▶ **Work order**: Without any images, write the data out exactly as it appears.

▶ **Dataset excerpt**:
..........

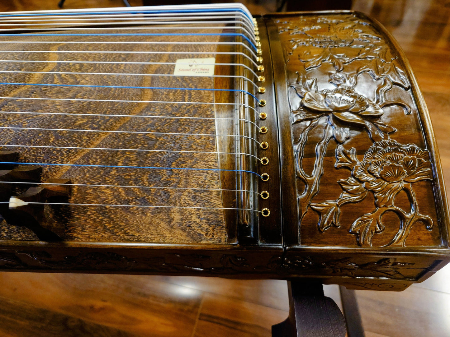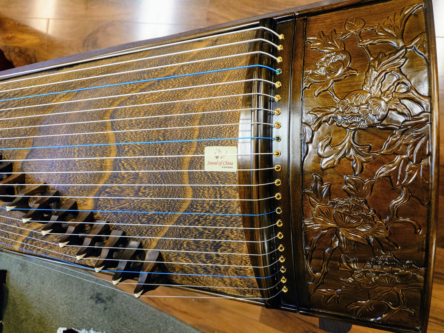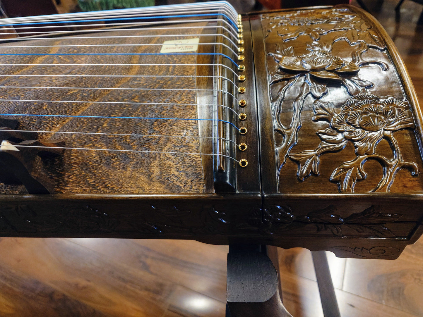 We are proud to introduce the new Sound of China carved-out guzheng. This beautiful instrument is custom-designed by Sound of China Guzheng Music, with all materials carefully selected by professionals. The sound body is carved from a single piece of paulownia wood and framed with Golden-Thread Nanmu wood, featuring the "Enchanted Rose" pattern carved using traditional techniques. The result is a rich, warm, mellow sound with a hint of sweetness.
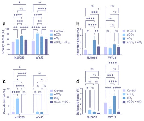 Effects of eCO2, eO3, and their combination on the ratio of chalky (a), shriveled (b), crackle (c), and deformed (d) kernels. * (p < 0.05), ** (p < 0.01), *** (p < 0.001), **** (p < 0.0001), ns (not significant) are the results of multiple comparisons.
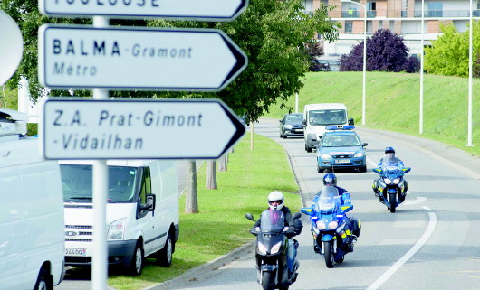 ◥8月1日,在法国图卢兹近郊,载有疑似马航MH370航班残骸的白色货车驶入航空技术分析机构。
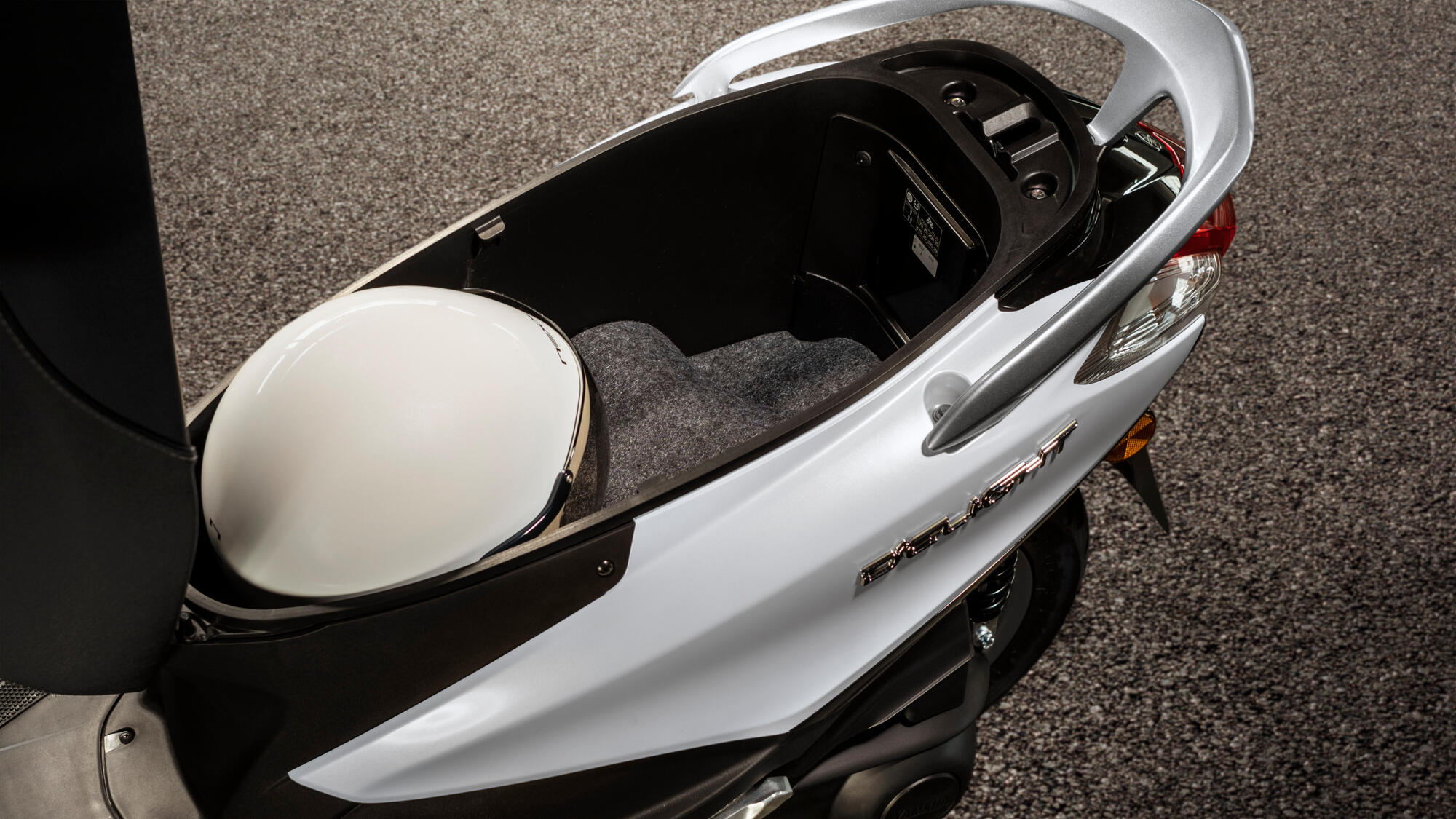 D’elight má pod sedadlem velký úložný prostor. Ve skutečnosti patří mezi málo skútrů své třídy, do něhož lze uložit integrální helmu. Když jste na cestě, je toto místo ideální pro umístění osobních věcí. Skútr navíc můžete využít, i když potřebujete vyrazit do obchodů a dokoupit si pár chybějících potravin.

..........

▶ **Written solution**:
 We are proud to introduce the new Sound of China carved-out guzheng. This beautiful instrument is custom-designed by Sound of China Guzheng Music, with all materials carefully selected by professionals. The sound body is carved from a single piece of paulownia wood and framed with Golden-Thread Nanmu wood, featuring the "Enchanted Rose" pattern carved using traditional techniques. The result is a rich, warm, mellow sound with a hint of sweetness.
 Effects of eCO2, eO3, and their combination on the ratio of chalky (a), shriveled (b), crackle (c), and deformed (d) kernels. * (p < 0.05), ** (p < 0.01), *** (p < 0.001), **** (p < 0.0001), ns (not significant) are the results of multiple comparisons.
 ◥8月1日,在法国图卢兹近郊,载有疑似马航MH370航班残骸的白色货车驶入航空技术分析机构。
 D’elight má pod sedadlem velký úložný prostor. Ve skutečnosti patří mezi málo skútrů své třídy, do něhož lze uložit integrální helmu. Když jste na cestě, je toto místo ideální pro umístění osobních věcí. Skútr navíc můžete využít, i když potřebujete vyrazit do obchodů a dokoupit si pár chybějících potravin.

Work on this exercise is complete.